INSTRUCTIONS FOR THE TASK. Leave out the pictures and print the rest of the entries exactly as they stand.

ENTRIES SUPPLIED: Begin

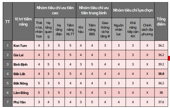 Theo bộ tiêu chí đánh của Viettel, một số tỉnh có mức độ phù hợp cao để xây dựng data center chi tiết như sau:
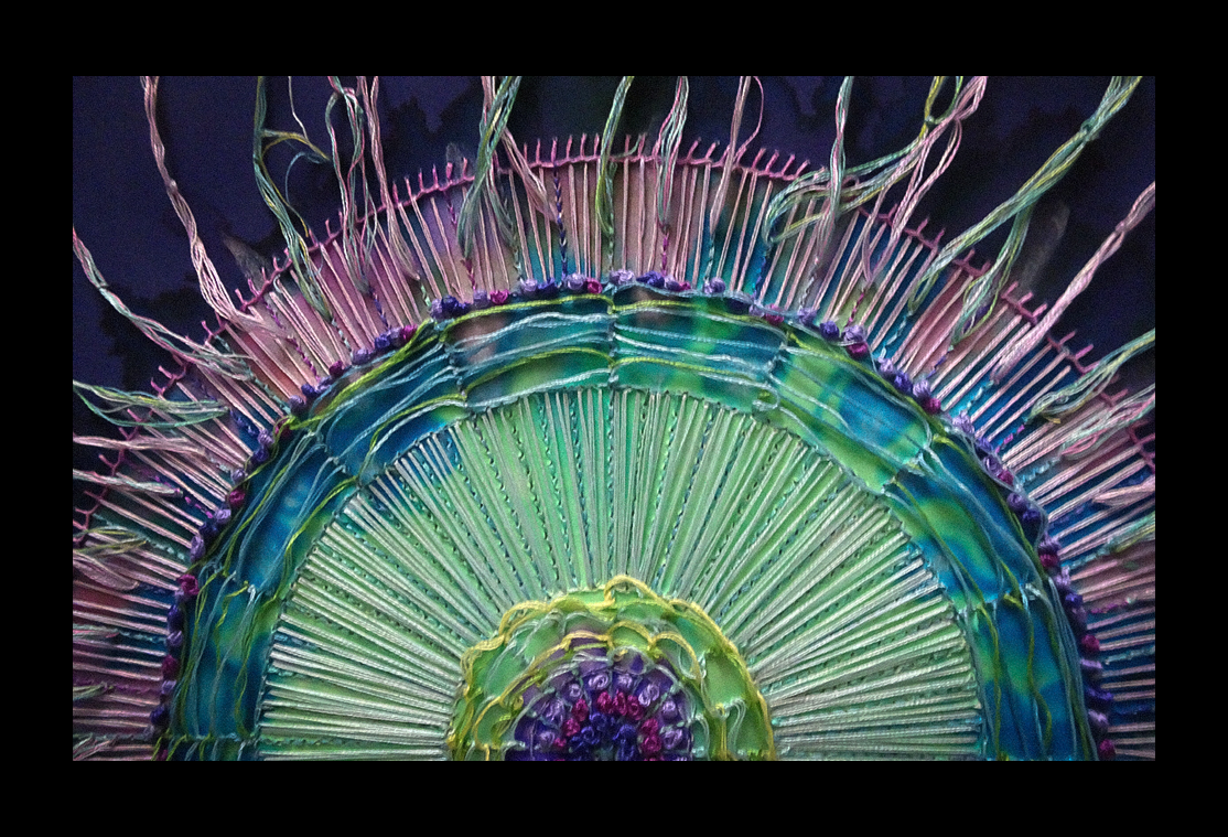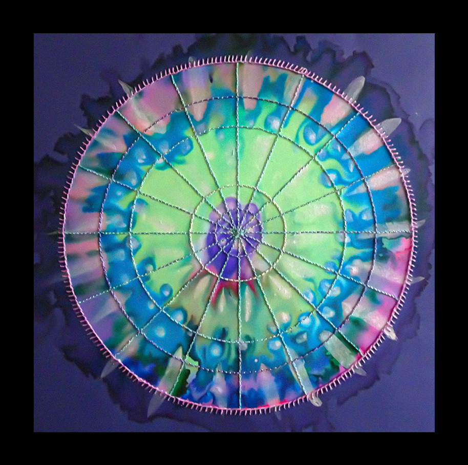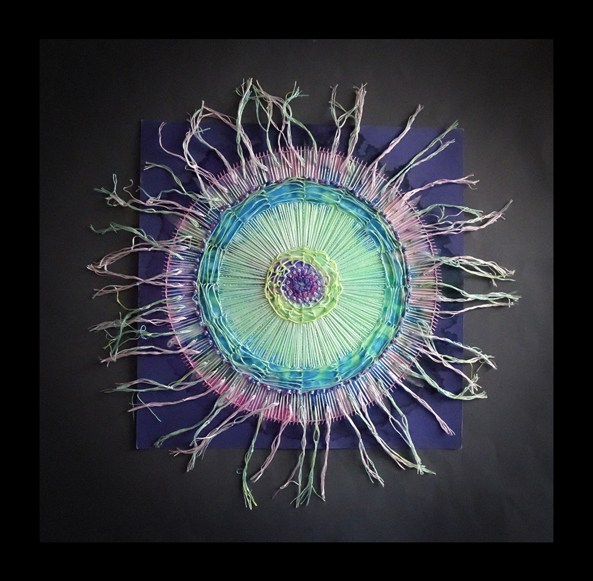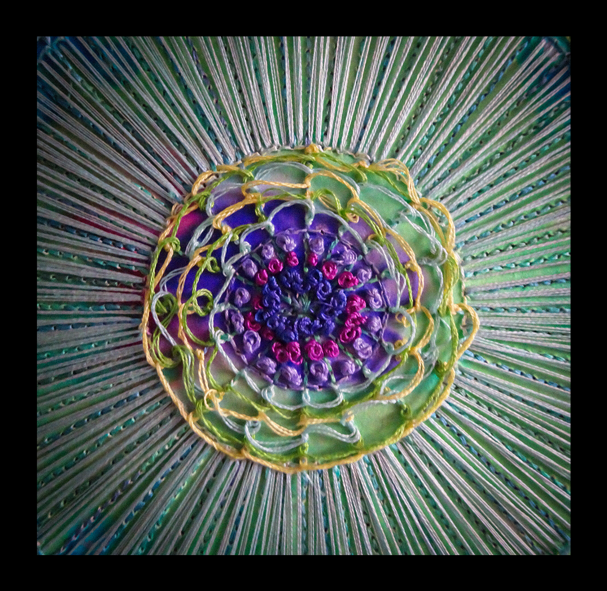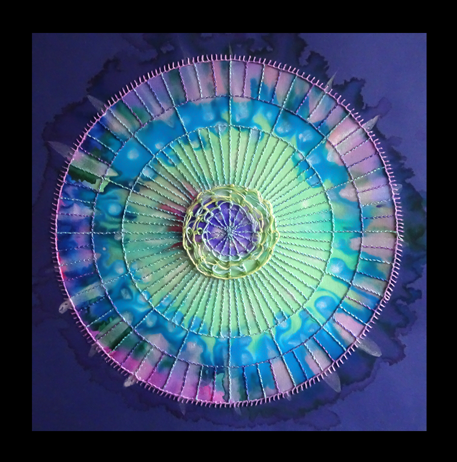 “The sea anemones reminded me of a stitched mandala I had done a few years ago that had all kinds of loose ends. So I painted a couple and started stitching. I’ve shown a few of the steps from painting to where I am now. I’ve taken a few liberties with the colors, combining several actual combinations. I think when I add two more rings of tentacles it will be just right.”
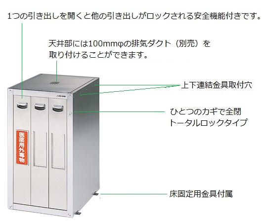 ●※複数台数を横連結・壁面/床固定される場合には(3-5016-11~13)のセフティキャビネット用オプションL4・L2・F4をご購入ください。
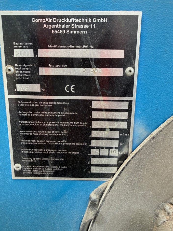 • Engine Make: CompAir L180 7.5 18.5KW Industrial Screw Compressor
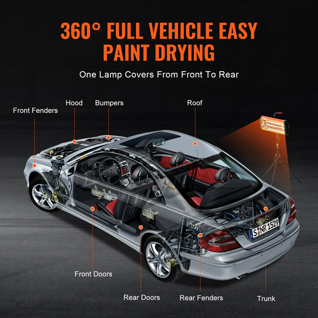 VEVOR 2000 W portatīva/stenda infrasarkanā krāsas žāvēšanas lampa automašīnu žāvēšanai un apkurei
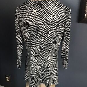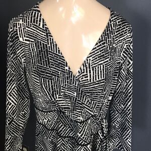 Ann Taylor black and white bamboo weave print top. 3/4 sleeves. Faux wrap front creates V neckline. Set in belt that ties to left side is trimmed in black cording. Stretchy polyester/spandex blend. Size small. New, no tags. Nonsmoking home.
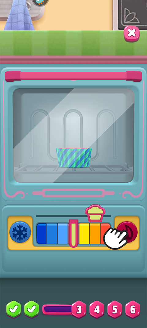 这里雪糕虽然是速冻,但其他的糕点都是需要热处理的,放在处理箱后扳动下面的按钮即可进行温度控制,总体来说并不困难。出炉后会自动放在安吉拉面前等你投喂,你也可以拿起来在它嘴边围绕逗一逗它,看看安吉拉想吃甜点的可爱样子。
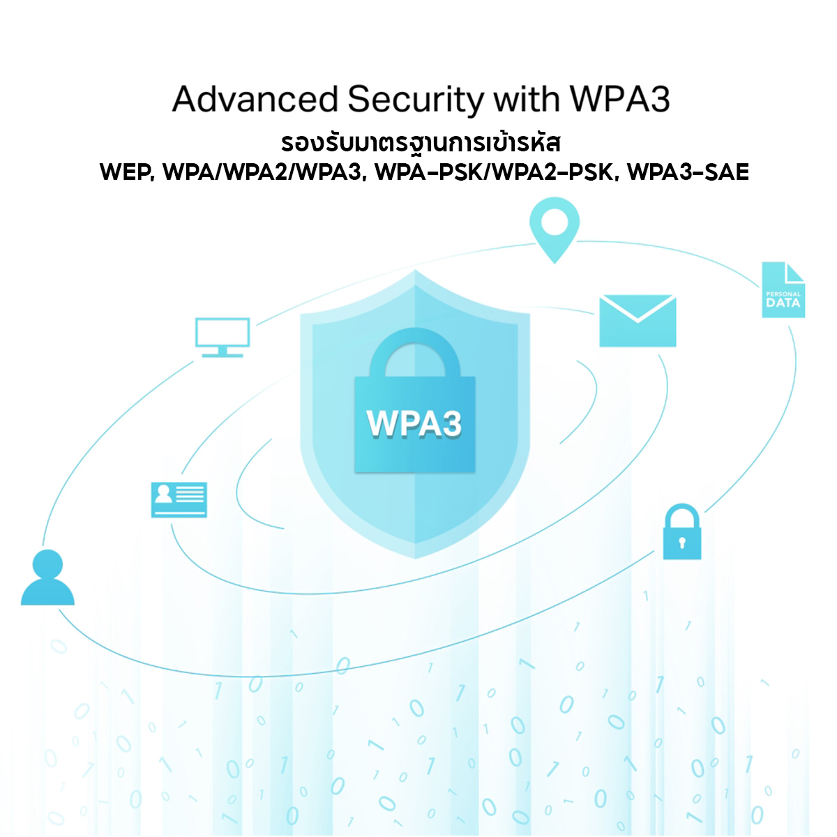 🎫 Advanced Security – รองรับมาตรฐานการเข้ารหัส WEP, WPA/WPA2/WPA3, WPA-PSK/WPA2-PSK, WPA3-SAE
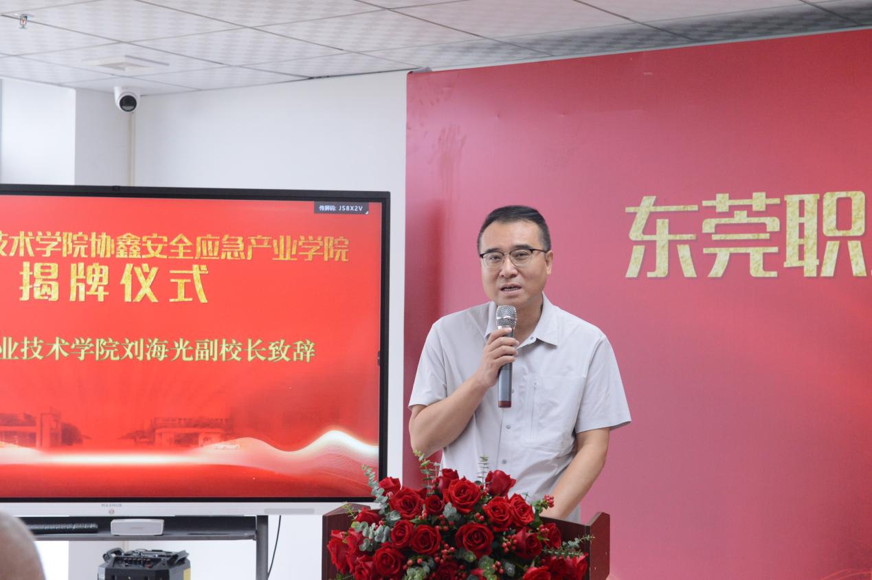 我校副校长刘海光表示,应急产业学院的成立是推动东莞市应急能力和应急治理体系现代化的重要举措,是社会发展和应急事业的大势所趋。应急产业学院作为我校发展战略的重要组成部分,促进了产学研一体化发展,为学生提供更加贴近实际、具有市场竞争力的教育培养。一方面,开展产学研合作项目,推动科技成果转化和产业升级;另一方面通过实训基地和实践项目,让学生在真实的工作环境中锻炼自己,提升自己的综合素质。他希望东莞职业技术学院协鑫安全应急产业学院能成为学校特色发展的新亮点,为培养更多的优秀人才、服务社会发展作出更大的贡献。
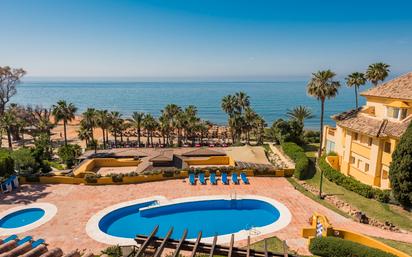 ÁTICO DÚPLEX URB. RÍO REAL, MARBELLA Este impresionante ático dúplex es único en su tipo. Tiene vistas panorámicas al mar en dos niveles y está justo al lado de una de las playas de arena más fina de Marbella. Esta propiedad única de 4 dormitorios y 5 baños ha sido completamente renovada y cuidadosamente decorada por un conocido diseñador de interiores. El concepto de planta abierta cuenta con una cocina totalmente equipada y un luminoso comedor abierto. El ático está equipado con muchos extras de lujo, como una chimenea eléctrica, un sistema de sonido Bang & Olufsen o armarios hechos a medida. El ascensor conecta el ático con un aparcamiento subterráneo y un trastero. La comunidad Rio Real Playa tiene 2 piscinas comunitarias rodeadas de exuberantes jardines. El complejo tiene acceso directo al paseo marítimo y la famosa playa de Trocadero está a pocos pasos. PRECIO: 4.995.000E OFERTA SUJETA A POSIBLES ERRORES, OMISIONES, CAMBIO DE PRECIO O CUALQUIER OTRA MODIFICACION SIN PREVIO AVISO.
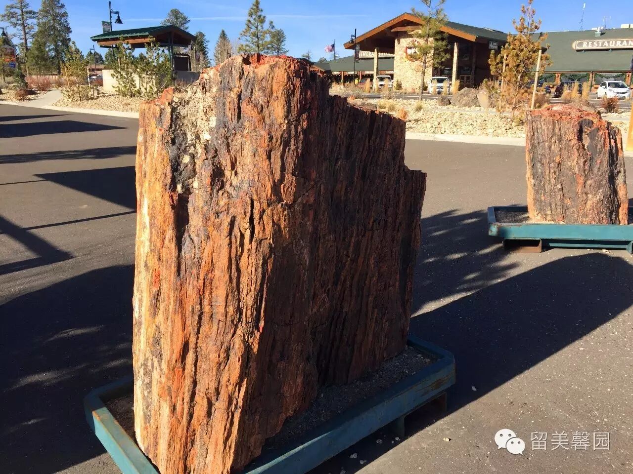 酒店路边摆了两截硅化木,引起了我的兴趣,从外形看像是美国海岸红杉。
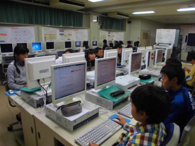 1年生、算数の授業です。視聴覚機器を使って分かりやすく学習しています。
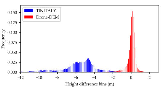 Distributions of the height differences of the TINITALY and Drone-DEM with respect to the LiDAR.

ENTRIES SUPPLIED: End

WRITTEN REPLY.
 Theo bộ tiêu chí đánh của Viettel, một số tỉnh có mức độ phù hợp cao để xây dựng data center chi tiết như sau:
 “The sea anemones reminded me of a stitched mandala I had done a few years ago that had all kinds of loose ends. So I painted a couple and started stitching. I’ve shown a few of the steps from painting to where I am now. I’ve taken a few liberties with the colors, combining several actual combinations. I think when I add two more rings of tentacles it will be just right.”
 ●※複数台数を横連結・壁面/床固定される場合には(3-5016-11~13)のセフティキャビネット用オプションL4・L2・F4をご購入ください。
 • Engine Make: CompAir L180 7.5 18.5KW Industrial Screw Compressor
 VEVOR 2000 W portatīva/stenda infrasarkanā krāsas žāvēšanas lampa automašīnu žāvēšanai un apkurei
 Ann Taylor black and white bamboo weave print top. 3/4 sleeves. Faux wrap front creates V neckline. Set in belt that ties to left side is trimmed in black cording. Stretchy polyester/spandex blend. Size small. New, no tags. Nonsmoking home.
 这里雪糕虽然是速冻,但其他的糕点都是需要热处理的,放在处理箱后扳动下面的按钮即可进行温度控制,总体来说并不困难。出炉后会自动放在安吉拉面前等你投喂,你也可以拿起来在它嘴边围绕逗一逗它,看看安吉拉想吃甜点的可爱样子。
 🎫 Advanced Security – รองรับมาตรฐานการเข้ารหัส WEP, WPA/WPA2/WPA3, WPA-PSK/WPA2-PSK, WPA3-SAE
 我校副校长刘海光表示,应急产业学院的成立是推动东莞市应急能力和应急治理体系现代化的重要举措,是社会发展和应急事业的大势所趋。应急产业学院作为我校发展战略的重要组成部分,促进了产学研一体化发展,为学生提供更加贴近实际、具有市场竞争力的教育培养。一方面,开展产学研合作项目,推动科技成果转化和产业升级;另一方面通过实训基地和实践项目,让学生在真实的工作环境中锻炼自己,提升自己的综合素质。他希望东莞职业技术学院协鑫安全应急产业学院能成为学校特色发展的新亮点,为培养更多的优秀人才、服务社会发展作出更大的贡献。
 ÁTICO DÚPLEX URB. RÍO REAL, MARBELLA Este impresionante ático dúplex es único en su tipo. Tiene vistas panorámicas al mar en dos niveles y está justo al lado de una de las playas de arena más fina de Marbella. Esta propiedad única de 4 dormitorios y 5 baños ha sido completamente renovada y cuidadosamente decorada por un conocido diseñador de interiores. El concepto de planta abierta cuenta con una cocina totalmente equipada y un luminoso comedor abierto. El ático está equipado con muchos extras de lujo, como una chimenea eléctrica, un sistema de sonido Bang & Olufsen o armarios hechos a medida. El ascensor conecta el ático con un aparcamiento subterráneo y un trastero. La comunidad Rio Real Playa tiene 2 piscinas comunitarias rodeadas de exuberantes jardines. El complejo tiene acceso directo al paseo marítimo y la famosa playa de Trocadero está a pocos pasos. PRECIO: 4.995.000E OFERTA SUJETA A POSIBLES ERRORES, OMISIONES, CAMBIO DE PRECIO O CUALQUIER OTRA MODIFICACION SIN PREVIO AVISO.
 酒店路边摆了两截硅化木,引起了我的兴趣,从外形看像是美国海岸红杉。
 1年生、算数の授業です。視聴覚機器を使って分かりやすく学習しています。
 Distributions of the height differences of the TINITALY and Drone-DEM with respect to the LiDAR.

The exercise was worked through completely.